Totally keeping a straight face...

I have Australian friends, I know they love their cricket team. So Muffin, Dan, Maddy, avert your eyes now...

BWAHAHAHAHAHAHAHAHAHAHAHAHAHAHAHAHAHAHAHA... The Aussies and their awful uniforms have not made it to the super eight.

On the down side, this means we now have the ugliest uniforms remaining in the tournament.

Sunday, June 7, 2009

MySky? My arse.

So, due to excessive MySky fail, I didn't see us have a wee wobble against Scotland, although I hear some of it was rather good. I also think having a game decided by seven overs of slog is retarded and indicative of the silliness that is twenty20 in the main. Although I am totally loving the upsets (well done the Windies!) I remain sceptical that this is the future of cricket.

And, for something completely different- Barbarians were funny and Luke McCalister seems to have eaten all the pies.
Roger Federer is now the best tennis player evar and I'm going to have to listen to the Mothership rhapsodising over him for a long while.
And, I'm over Jenson Button winning as the BBC commentators are becoming the most obnoxious things to ever grace the airwaves.

Friday, June 5, 2009

Why does my predictive text have 'fielding' but not 'field'?

So, we've got some cricket back, and the real rugby is just about to start - And I'm mostly wondering why they all have one season, but there you go.

The All Blacks are failing already this season - Richard Kahui is broken and with Dan Carter and Richie McCaw out we are not sure who will be bringing the sexy back for the AB's this year. Lets hope we find someone, or the Springboks will take out the tri-nations pretty award.

And I would like it put on record that we have to stuff the French in no uncertain terms or I will cry.

Annnnnnnd, onto the cricket - and for your daily installment of WHAT THE FUCK? England lost the opening match. Against the Dutch. Yes, I did a double take too. There are only four professional cricketers in that team, and the English have squizillions at their disposal. I dont know what happened, so would someone like to fill me in?

NZ play Scotland tonight, and if we don't win, I suggest all test-playing nations should pack in this twenty20 bullshit and go play tests, lest we all be deeply embarrassed.

And from the "Are we sure they werent playing cricket?" files, The New Zealand juniors rugby side beat Uruguay 75-0. Hat-trick hero was one (cleanly shaven) Zac Gilford. Yay.

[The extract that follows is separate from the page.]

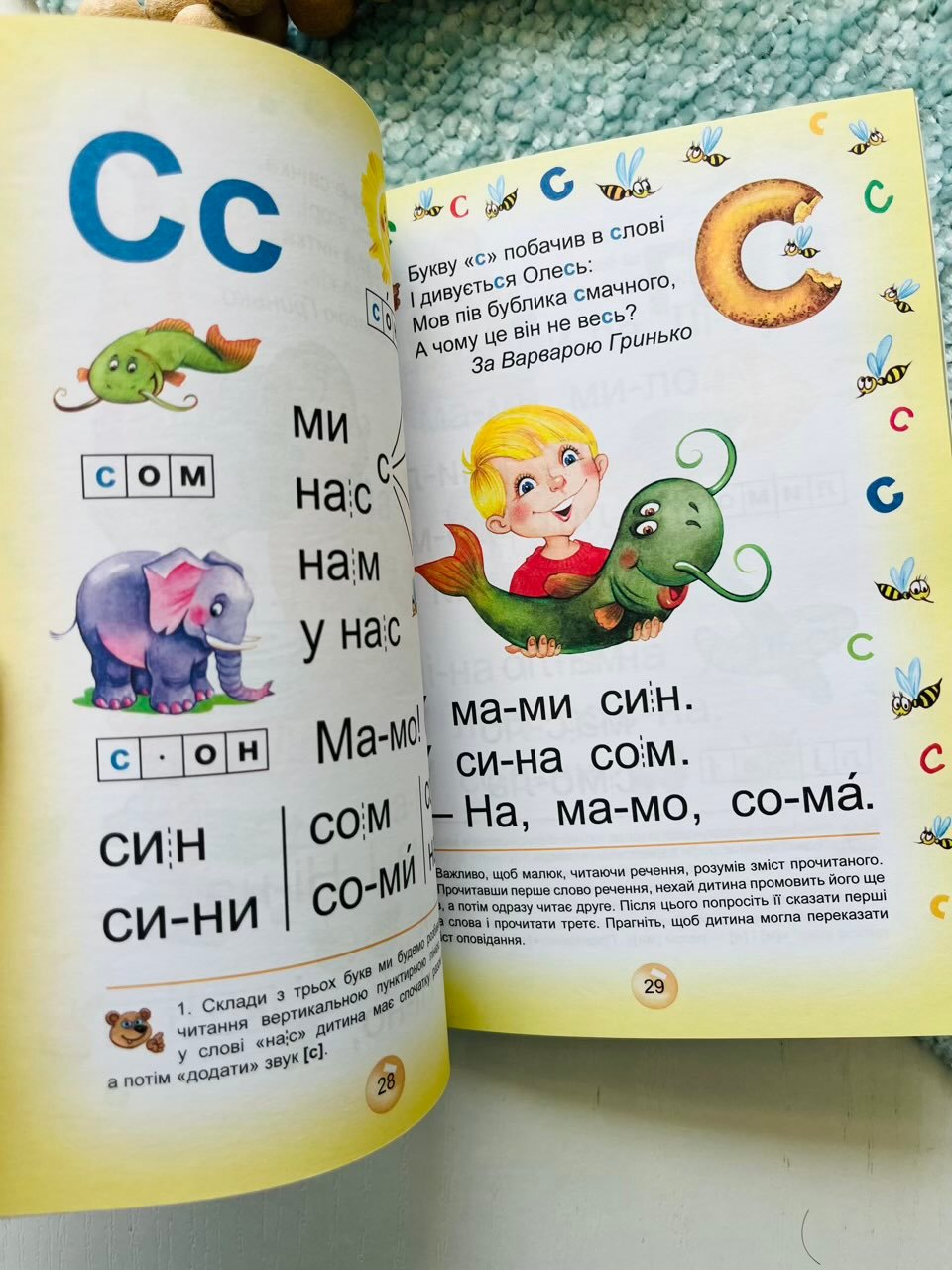 Дитина отримає уявлення про поняття: звук, буква, склад, наголос, основні види слів, речення тощо. Заняття за «Букварем» стимулюватимуть також розвиток сприйняття, уваги, мислення та мовленнєвих навичок.

Annnnnd lastly, the Cheap Seats would like to bid a not-especially-fond farewell to Andrew Symonds, who after further behaving like a drunken monkey has been sent home with his contract in tatters. After what he (drunkenly) said about our Brendon McCullum on the radio, I can't say we're sad to see him go. Well, I could, but it would be a lie.
Jesse, this is what happens when you don't get a clue. We're kinda glad to see you getting a clue, really.